For this exercise, copy the data exactly and omit any images.

________________

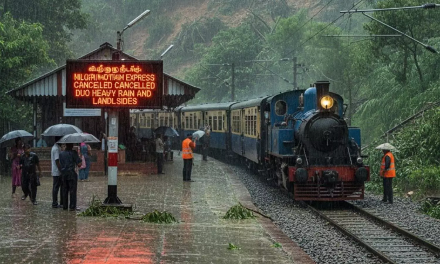 கனமழை, மண் சரிவு காரணமாக ஏற்கனவே கடந்த 3 நாட்களாக மேட்டுப்பாளையம் - ஊட்டி மலை ரயில் சேவை ரத்து செய்யப்பட்டிருந்தது. தொடர்ந்து மழைபெய்து ரயில் பாதைகளில் பாறைகள் விழுந்துள்ளதால், நான்காவது நாளாக இன்றும் (22.10.205) மலை ரெயில் சேவை ரத்து செய்யப்படுவதாக தெற்கு ரெயில்வே நிர்வாகம் அறிவித்துள்ளது
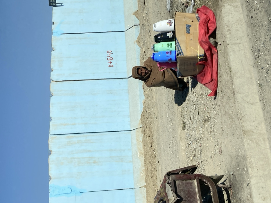 A man wrapped in brown clothing stands next to a concrete wall. He has various items stacked beside him, including colorful beverage containers, a cardboard box labeled "Home," and a red cloth. The ground is gravelly. An old, dilapidated vehicle frame lies at the bottom. The sky is a clear, light blue. The image is taken at a slightly oblique angle.
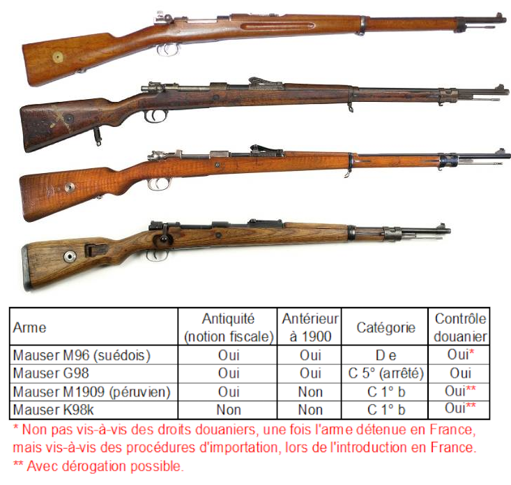 [4) Il existe toutefois des exceptions, comme certaines armes bénéficiant d’un régime antérieur suite à leur sur-classement. Outre les armes dont la déclaration vaut autorisation viagère, on peut citer : les armes d’épaule à 1 coup par canon (ex-5e catégorie), déjà détenues avant le 1er décembre 2011, qui restent libres jusqu’à leur cession (article 18 du décret n°2011-1253) ; les armes d’épaule à 1 coup par canon (ex-D 1° a), acquises après le 1er décembre 2011 et déjà détenues avant le 13 juin 2017, dont l’enregistrement est suffisant jusqu’à leur cession (article 33 du décret n°2018-542)… et éventuellement, si les contrôles douaniers s’y appliquent : les armes neutralisées en France après le 13 décembre 1978 (ex-D 2° d), déjà détenues avant le 13 juin 2017, qui restent libres jusqu’à leur cession (article 33 du décret n°2018-542).
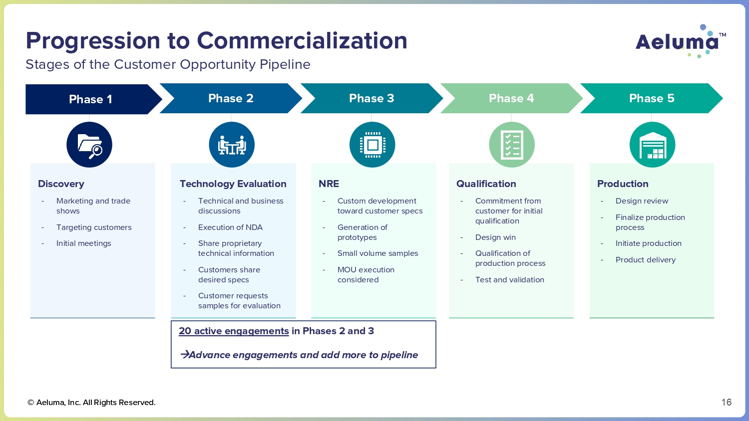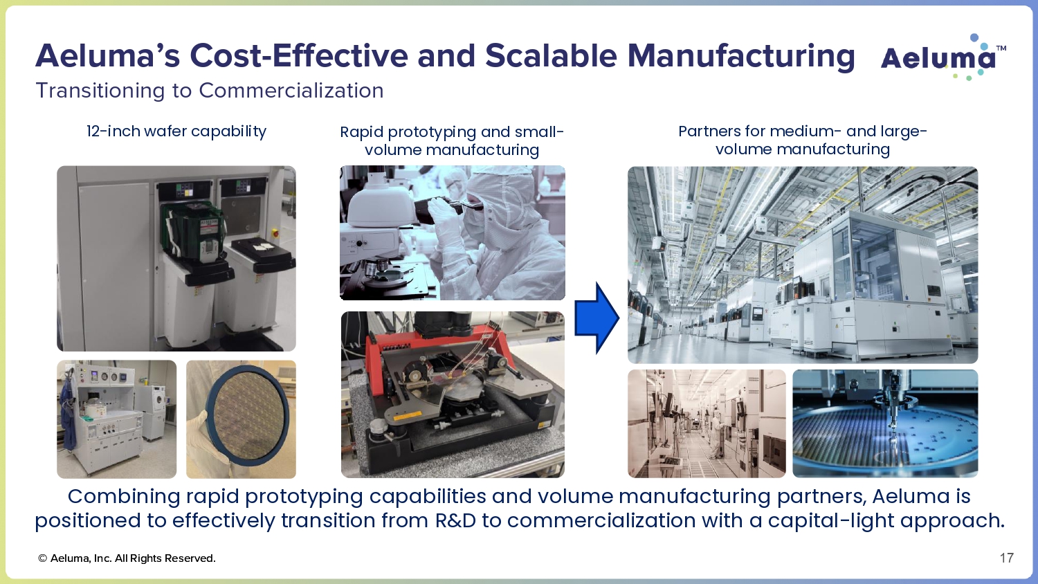 Discovery - Marketing and trade shows - Targeting customers - Initial meetings Qualification - Commitment from customer for initial qualification - Design win - Qualification of production process - Test and validation Phase 1 Phase 2 Phase 3 Phase 4 Phase 5 Production © Aeluma, Inc. All Rights Reserved. 16 - Design review - Finalize production process - Initiate production - Product delivery NRE - Custom development toward customer specs - Generation of prototypes - Small volume samples - MOU execution considered Technology Evaluation - Technical and business discussions - Execution of NDA - Share proprietary technical information - Customers share desired specs - Customer requests samples for evaluation 20 active engagements in Phases 2 and 3 Advance engagements and add more to pipeline Progression to Commercialization Stages of the Customer Opportunity Pipeline
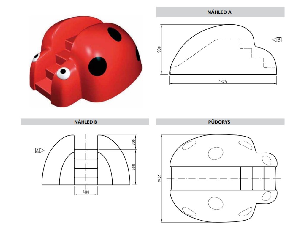 Kvalitní laminátová skluzavka ve tvaru berušky vhodná pro veřejná dětská hřiště, plavecké zařízení, MŠ, kempy, restaurace a další. Pevný a odolný materiál zaručuje dlouhou životnost i při intenzivním používání. Díky promyšlenému tvaru je skluzavka bezpečná pro menší děti, má pohodlný nástup a plynulý dojezd.
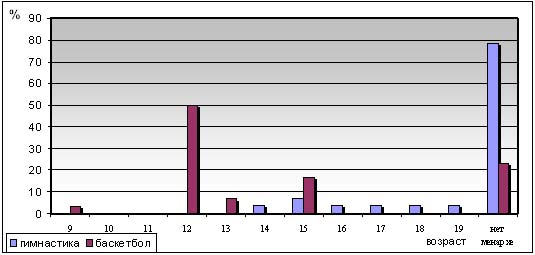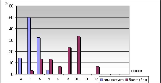 В ходе исследования нами были изучены данные, свидетельствующие о возрасте, в котором девочки начали тренировочную деятельность. В результате анализа полученных сведений было установлено, что девочки, специализирующиеся в спортивной гимнастике в 4 года начали тренировочную деятельность в 4 случаях (14, 29%), в 5 лет - в 14 случаях (50%), в 6 лет - в 9 случаях (32, 14%), в 7 лет - в одном случае (3, 57%). Начало занятий тренировочной деятельностью девочек, специализирующихся в баскетболе значительно позже: в 5 лет - в одном случае (3, 33%), в 6 лет - в 4 случаях (13, 33%), в 7 лет - в 4 случаях (13, 33%), в 8 лет - в 2 случаях (6, 67%), в 9 лет - в 7 случаях (23, 33%), в 10 лет - в 10 случаях (33, 33%), а в 12 лет - в 2 случаях (13, 33%) (рис.2).
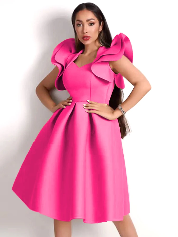 fleepmart Women A Line Party Dresses Sweetheart Flying Sleeve Flowy Swing Dress Formal Birthday Wedding Guest Celebrate Plus Size Gowns
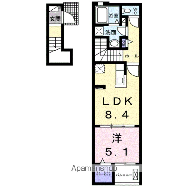 アクアプラ浅江6 Ⅱ(1LDK 2階部分)
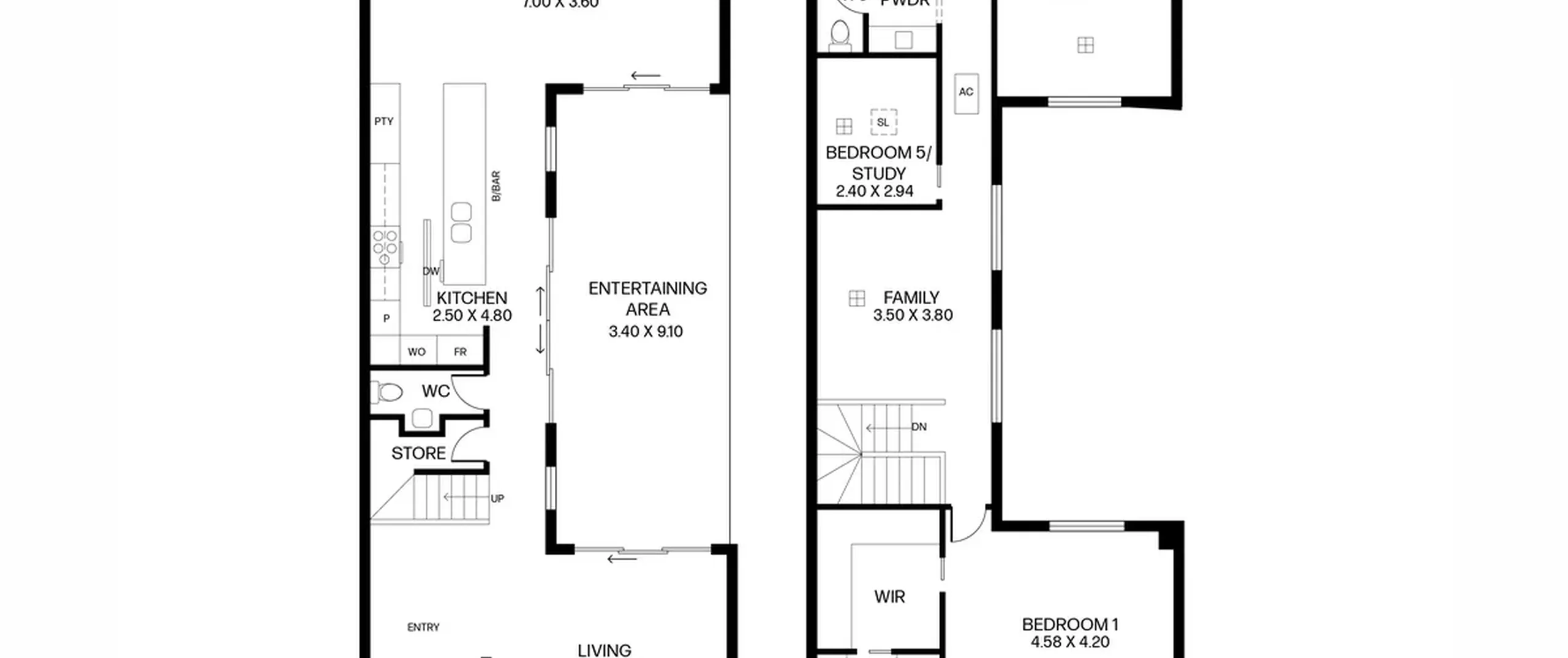 - 2.4m high doors and high ceilings to both levels

________________

*SOLUTION:*
 கனமழை, மண் சரிவு காரணமாக ஏற்கனவே கடந்த 3 நாட்களாக மேட்டுப்பாளையம் - ஊட்டி மலை ரயில் சேவை ரத்து செய்யப்பட்டிருந்தது. தொடர்ந்து மழைபெய்து ரயில் பாதைகளில் பாறைகள் விழுந்துள்ளதால், நான்காவது நாளாக இன்றும் (22.10.205) மலை ரெயில் சேவை ரத்து செய்யப்படுவதாக தெற்கு ரெயில்வே நிர்வாகம் அறிவித்துள்ளது
 A man wrapped in brown clothing stands next to a concrete wall. He has various items stacked beside him, including colorful beverage containers, a cardboard box labeled "Home," and a red cloth. The ground is gravelly. An old, dilapidated vehicle frame lies at the bottom. The sky is a clear, light blue. The image is taken at a slightly oblique angle.
 [4) Il existe toutefois des exceptions, comme certaines armes bénéficiant d’un régime antérieur suite à leur sur-classement. Outre les armes dont la déclaration vaut autorisation viagère, on peut citer : les armes d’épaule à 1 coup par canon (ex-5e catégorie), déjà détenues avant le 1er décembre 2011, qui restent libres jusqu’à leur cession (article 18 du décret n°2011-1253) ; les armes d’épaule à 1 coup par canon (ex-D 1° a), acquises après le 1er décembre 2011 et déjà détenues avant le 13 juin 2017, dont l’enregistrement est suffisant jusqu’à leur cession (article 33 du décret n°2018-542)… et éventuellement, si les contrôles douaniers s’y appliquent : les armes neutralisées en France après le 13 décembre 1978 (ex-D 2° d), déjà détenues avant le 13 juin 2017, qui restent libres jusqu’à leur cession (article 33 du décret n°2018-542).
 Discovery - Marketing and trade shows - Targeting customers - Initial meetings Qualification - Commitment from customer for initial qualification - Design win - Qualification of production process - Test and validation Phase 1 Phase 2 Phase 3 Phase 4 Phase 5 Production © Aeluma, Inc. All Rights Reserved. 16 - Design review - Finalize production process - Initiate production - Product delivery NRE - Custom development toward customer specs - Generation of prototypes - Small volume samples - MOU execution considered Technology Evaluation - Technical and business discussions - Execution of NDA - Share proprietary technical information - Customers share desired specs - Customer requests samples for evaluation 20 active engagements in Phases 2 and 3 Advance engagements and add more to pipeline Progression to Commercialization Stages of the Customer Opportunity Pipeline
 Kvalitní laminátová skluzavka ve tvaru berušky vhodná pro veřejná dětská hřiště, plavecké zařízení, MŠ, kempy, restaurace a další. Pevný a odolný materiál zaručuje dlouhou životnost i při intenzivním používání. Díky promyšlenému tvaru je skluzavka bezpečná pro menší děti, má pohodlný nástup a plynulý dojezd.
 В ходе исследования нами были изучены данные, свидетельствующие о возрасте, в котором девочки начали тренировочную деятельность. В результате анализа полученных сведений было установлено, что девочки, специализирующиеся в спортивной гимнастике в 4 года начали тренировочную деятельность в 4 случаях (14, 29%), в 5 лет - в 14 случаях (50%), в 6 лет - в 9 случаях (32, 14%), в 7 лет - в одном случае (3, 57%). Начало занятий тренировочной деятельностью девочек, специализирующихся в баскетболе значительно позже: в 5 лет - в одном случае (3, 33%), в 6 лет - в 4 случаях (13, 33%), в 7 лет - в 4 случаях (13, 33%), в 8 лет - в 2 случаях (6, 67%), в 9 лет - в 7 случаях (23, 33%), в 10 лет - в 10 случаях (33, 33%), а в 12 лет - в 2 случаях (13, 33%) (рис.2).
 fleepmart Women A Line Party Dresses Sweetheart Flying Sleeve Flowy Swing Dress Formal Birthday Wedding Guest Celebrate Plus Size Gowns
 アクアプラ浅江6 Ⅱ(1LDK 2階部分)
 - 2.4m high doors and high ceilings to both levels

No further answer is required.